A Maryland court ruled that it was not barred from resolving a lawsuit claiming the church acted improperly in paying off the home mortgage loans of the church’s pastor.

Key point 2-03. Clergy compensation consists of a number of items that often are not well understood. Clergy compensation that is unreasonable in amount may jeopardize a church's tax-exempt status or trigger "intermediate sanctions" in the form of excise taxes that can be assessed against a recipient of unreasonable compensation.
Clergy Compensation

* A Maryland court ruled that it was not barred by the first amendment from resolving a lawsuit brought by church members claiming that their church acted improperly in paying off the home mortgage loans of the church's pastor and his son. A church congregation voted to sell the church property to another church for $900,000 in a duly called special business meeting. The congregation later convened another meeting to determine how to use the sales proceeds. A majority voted to use $400,000 to pay off mortgage loans on homes owned by the pastor and his son. Some of the church's members filed a lawsuit contesting the use of the sales proceeds to pay off mortgage loans on the two homes. The church responded by claiming that the civil courts are barred by the first amendment guaranty of religious freedom from interfering with a church's disposition of its assets. The church also insisted that its payment of the mortgage loans represented compensation for past services for which the pastor and his son had not been adequately paid. A trial court concluded that "what the church tried to do for the pastor was to give him a gift," and that "there is not a shred of evidence that any of this money was payment for his past pastor services, or that he expected to get this money. In short, there was never any agreement that these monies were in lieu of or in addition to salaries, and the court rejects that argument by the church, and finds that these payments, although motivated by apparently the good intentions and good heart of some of the members of the church, were gifts that were earmarked for the individual enrichment and private benefit of the pastor and his son. Accordingly, the court finds that these monies, totaling $400,000, belong to the church, were illegally removed from the church's funds, and have generated the need for an accounting of all of the funds and the need for a receiver to do so." The court appointed a receiver to take possession of the church's assets and retrieve any assets improperly distributed. The church appealed the trial court's ruling.

first amendment

The first issue addressed by the appeals court was whether the first amendment guaranty of religious freedom barred the civil courts from deciding "how a religious organization uses its funds." The court concluded that it did not, for two reasons. First, the church's payment of the two home mortgage loans "presents a form of church property dispute" which the civil courts have been willing to resolve so long as they can do so without any interpretation of church doctrine. Second, the court referred to several cases in which the courts have determined whether or not religious organizations are in compliance with the requirements for tax-exempt status enumerated in section 501(c)(3) of the federal tax code. The court concluded, "Numerous cases involving an IRS analysis of a religious corporation's operations to determine exemption qualification, or revocation, make plain that there is no bar to such decisions imposed by the [first amendment's] free exercise clause." The court noted that the inquiry into the church's operations undertaken by the trial court in this case did not approach the "degree of review" involved in these other cases.

compensation for services

The church insisted that the mortgage payments were reasonable "deferred" compensation. The court began its analysis by listing the "most frequently cited list" of factors used by the courts in evaluating the reasonableness of compensation:

Although every case of this kind must stand upon its own facts and circumstances, it is well settled that several basic factors should be considered by the court in reaching its decision in any particular case. Such factors include the employee's qualifications; the nature, extent and scope of the employee's work; the size and complexities of the business; a comparison of salaries paid with the gross income and the net income; the prevailing general economic conditions; comparison of salaries with distributions to stockholders; the prevailing rates of compensation for comparable positions in comparable concerns; the salary policy of the taxpayer as to all employees; and in the case of small corporations with a limited number of officers the amount of compensation paid to the particular employee in previous years. The action of the board of directors of a corporation in voting salaries for any given period is entitled to the presumption that such salaries are reasonable and proper. Mayson Mfg. Co. v. Commissioner, 178 F.2d 115 (6th Cir. 1949).
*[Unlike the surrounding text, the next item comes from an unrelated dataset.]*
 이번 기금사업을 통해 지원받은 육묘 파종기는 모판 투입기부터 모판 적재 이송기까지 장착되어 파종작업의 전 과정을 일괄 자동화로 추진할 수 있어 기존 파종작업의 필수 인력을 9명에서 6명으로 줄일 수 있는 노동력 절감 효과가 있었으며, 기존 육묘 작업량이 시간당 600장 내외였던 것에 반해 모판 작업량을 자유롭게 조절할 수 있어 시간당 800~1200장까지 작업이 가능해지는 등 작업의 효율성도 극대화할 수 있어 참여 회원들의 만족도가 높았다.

The court concluded that the trial court was too restrictive in determining the reasonableness of compensation paid to the pastor and his son. It observed, "A religious or charitable corporation may take past services into consideration, with the other circumstances described above, in compensating an employee, as may a court when that compensation is challenged. The trial court's standard, that only the unpaid balance of amounts previously contractually promised may be paid in recognition of services previously rendered [was too restrictive]."
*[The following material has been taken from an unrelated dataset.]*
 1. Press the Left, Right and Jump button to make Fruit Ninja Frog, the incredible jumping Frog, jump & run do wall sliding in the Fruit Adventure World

In support of its conclusion the court noted that the tax code permits the IRS to assess substantial excise taxes (called "intermediate sanctions") against the officers of a tax-exempt organization who benefit from an "excess benefit transaction," and pointed out that the tax regulations specify that "services performed in prior years may be taken into account" in determining reasonable compensation in the current year. The court also relied on the following conclusion from a previous case addressing the reasonableness of $1,500 "bonuses" paid by a nonprofit hospital to staff physicians in excess of their stated compensation:

The payment of incentive compensation in the form of a bonus to employees who render continuous and efficient services is a common practice of long standing among large employers. While incentive compensation of that kind must bear some reasonable relation to the value of the services rendered, ordinarily a bonus which bears a reasonable relation to the value of the services rendered, which is deemed to further the best interests of the corporation, and which is paid in good faith is not a mere gift, gratuity, or reckless expenditure of which stockholders or shareholders may complain in an action of this kind. It cannot be said that under the facts and circumstances as found by the court, the payment of the [bonus] to the doctors constituted such reckless or extravagant expenditure of funds as to warrant the appointment of a receiver for the corporation or the rendition of a personal judgment against the directors authorizing the payment. Beard v. Achenbach Memorial Hospital, 170 F.2d 859 (10th Cir. 1948).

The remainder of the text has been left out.